■ **Problem details**:
Leave out the pictures and repeat the data exactly.

■ **Source material**:

══════════

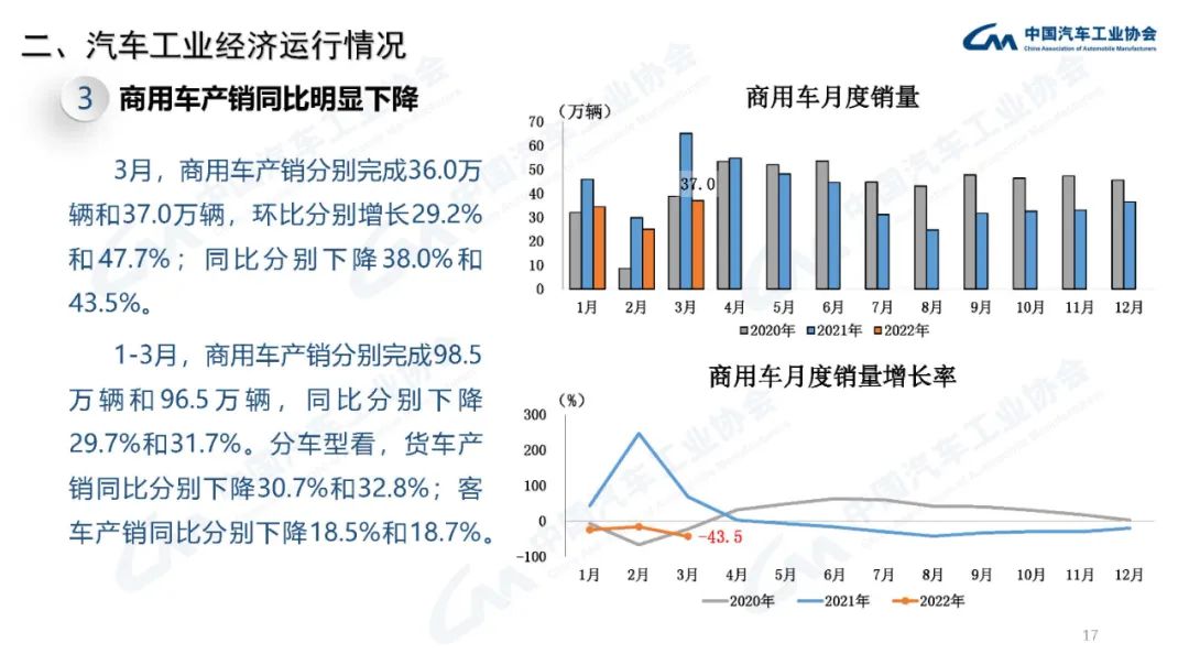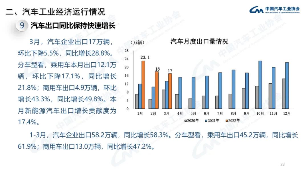2022年3月,國內(nèi)疫情近期多發(fā),市場主體困難明顯增加,經(jīng)濟循環(huán)暢通遇到一些制約,新的下行壓力進一步加大。從汽車供給端看,芯片短缺的情況沒有得到明顯緩解,動力電池原材料價格快速上漲,進一步推高企業(yè)產(chǎn)品制造成本,汽車企業(yè)生產(chǎn)經(jīng)營活動受到一定影響,總體形勢不及預(yù)期;從汽車消費端看,消費動能明顯不足,與同期相比,呈現(xiàn)一定幅度下降。
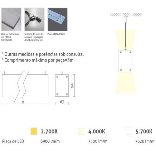 Potência: 2x 30w/M LED – 2700K / 4000K / 5700K (INTEGRADO)
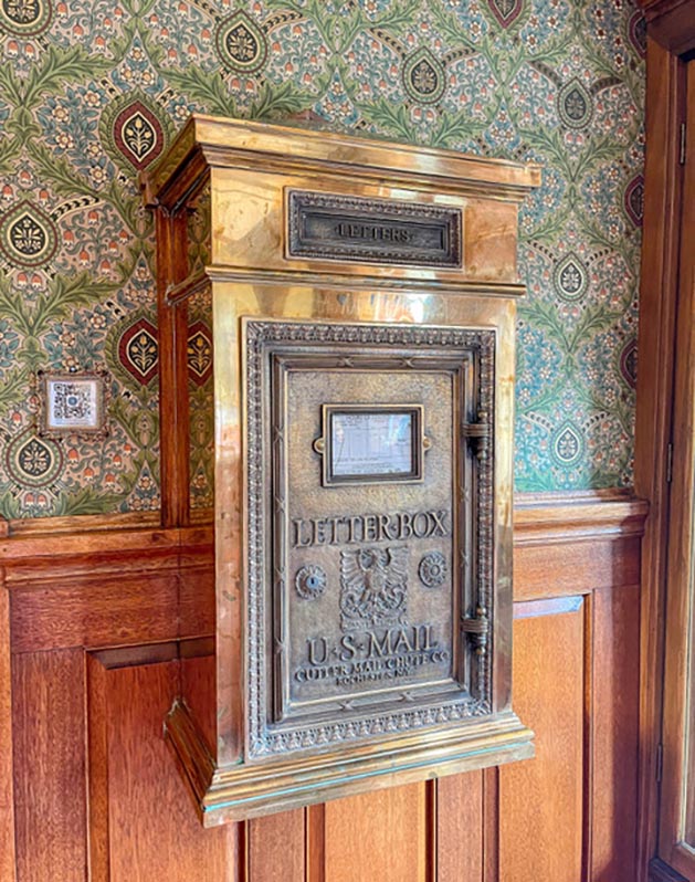 Brass Letter Box: A brass letter box (mailbox) is mounted on the lobby wall near the entrance area. This antique letter box is still in use today by patrons of the hotel. This is an example of the antiques seen all around the hotel. Photo by Gary Warren/ladailypost.com
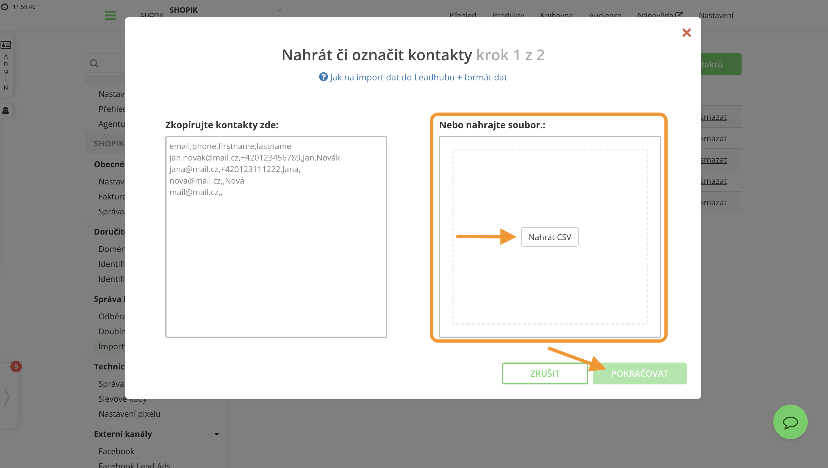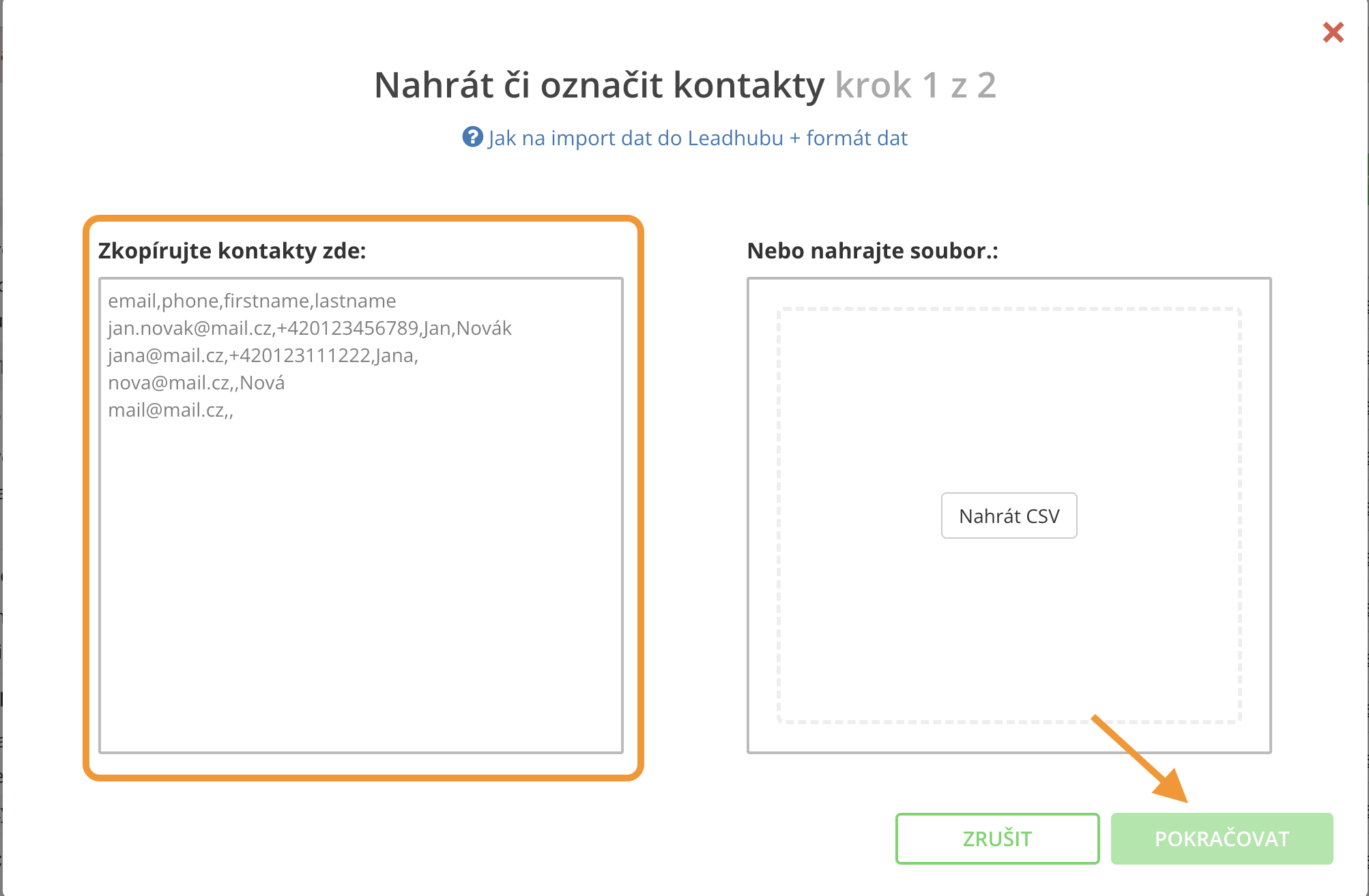 Ve prvním kroku se zobrazí počet importovaných kontaktů a další informace (e-mail, jméno, příjmení atd.), které budou importovány. Nahrajte soubor CSV a klikněte na „Pokračovat“.

══════════

■ **Solution below**:
2022年3月,國內(nèi)疫情近期多發(fā),市場主體困難明顯增加,經(jīng)濟循環(huán)暢通遇到一些制約,新的下行壓力進一步加大。從汽車供給端看,芯片短缺的情況沒有得到明顯緩解,動力電池原材料價格快速上漲,進一步推高企業(yè)產(chǎn)品制造成本,汽車企業(yè)生產(chǎn)經(jīng)營活動受到一定影響,總體形勢不及預(yù)期;從汽車消費端看,消費動能明顯不足,與同期相比,呈現(xiàn)一定幅度下降。
 Potência: 2x 30w/M LED – 2700K / 4000K / 5700K (INTEGRADO)
 Brass Letter Box: A brass letter box (mailbox) is mounted on the lobby wall near the entrance area. This antique letter box is still in use today by patrons of the hotel. This is an example of the antiques seen all around the hotel. Photo by Gary Warren/ladailypost.com
 Ve prvním kroku se zobrazí počet importovaných kontaktů a další informace (e-mail, jméno, příjmení atd.), které budou importovány. Nahrajte soubor CSV a klikněte na „Pokračovat“.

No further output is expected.